Relatively Coherent Sets as a Hierarchical Partition Method

TL;DR

This paper introduces a hierarchical method for identifying relatively coherent sets in dynamical systems, extending existing finite-time coherence concepts to better analyze complex, nonautonomous flows with practical applications and computational considerations.

Contribution

It generalizes finite-time coherent sets to a hierarchical framework based on relative measures, enabling multi-scale analysis of complex dynamical systems.

Findings

Demonstrated the method on nonautonomous double gyre and standard map.

Applied the approach to empirical data from the 2010 Mexico Gulf oil spill.

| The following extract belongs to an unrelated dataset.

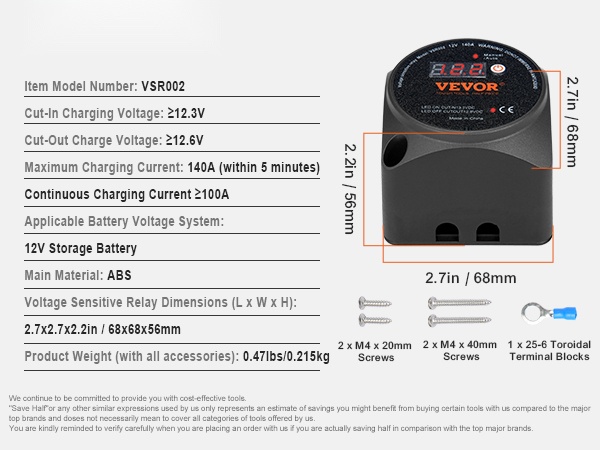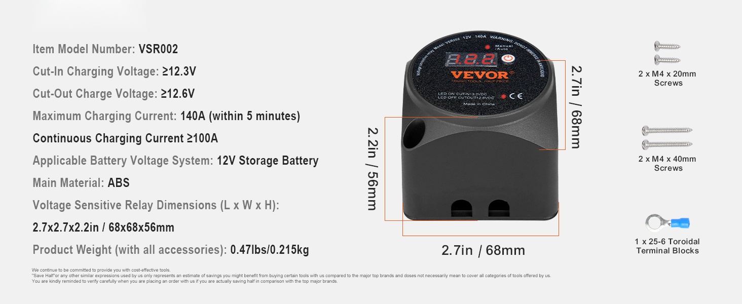 Kooltaan vain 2.7'' x 2.7'' x 2.2'' / 68 x 68 x 56 mm jänniteherkkä 140A-rele mahtuu ahtaampiinkin paikkoihin, kuten moottoritilaan tai maastoajoneuvon sisälle. Se integroituu sujuvasti kaksoisakkujärjestelmän osaksi.
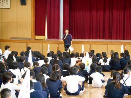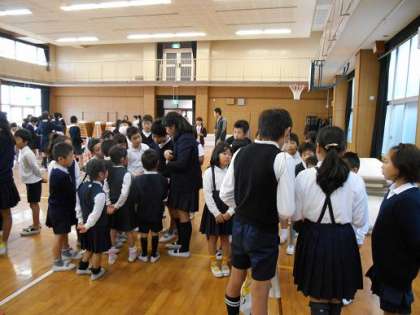今日の集会活動は、講堂で、明日(11月8日)の全校遠足に向けた最後の相談をしました。リーダーを中心に話し合い、みんなで協力して楽しむことを確認し合いました。明日のお天気は、晴れの予報です。きっと楽しい活動ができることでしょう。今日の放課後は、ゆっくりと過ごし、明日の全校遠足に備えてください。保護者の皆様、よろしくお願いします。

Analyzed the computational complexity of the matrix estimation process.

Abstract

Finite time coherent sets [8] have recently been defined by a measure based objective function describing the degree that sets hold together, along with a Frobenius-Perron transfer operator method to produce optimally coherent sets. Here we present an extension to generalize the concept to hierarchially defined relatively coherent sets based on adjusting the finite time coherent sets to use relative mesure restricted to sets which are developed iteratively and hierarchically in a tree of partitions. Several examples help clarify the meaning and expectation of the techniques, as they are the nonautonomous double gyre, the standard map, an idealized stratospheric flow, and empirical data from the Mexico Gulf during the 2010 oil spill. Also for sake of analysis of computational complexity, we include an appendic concerning the computational complexity of developing the Ulam-Galerkin matrix extimates of the Frobenius-Perron operator centrally used here.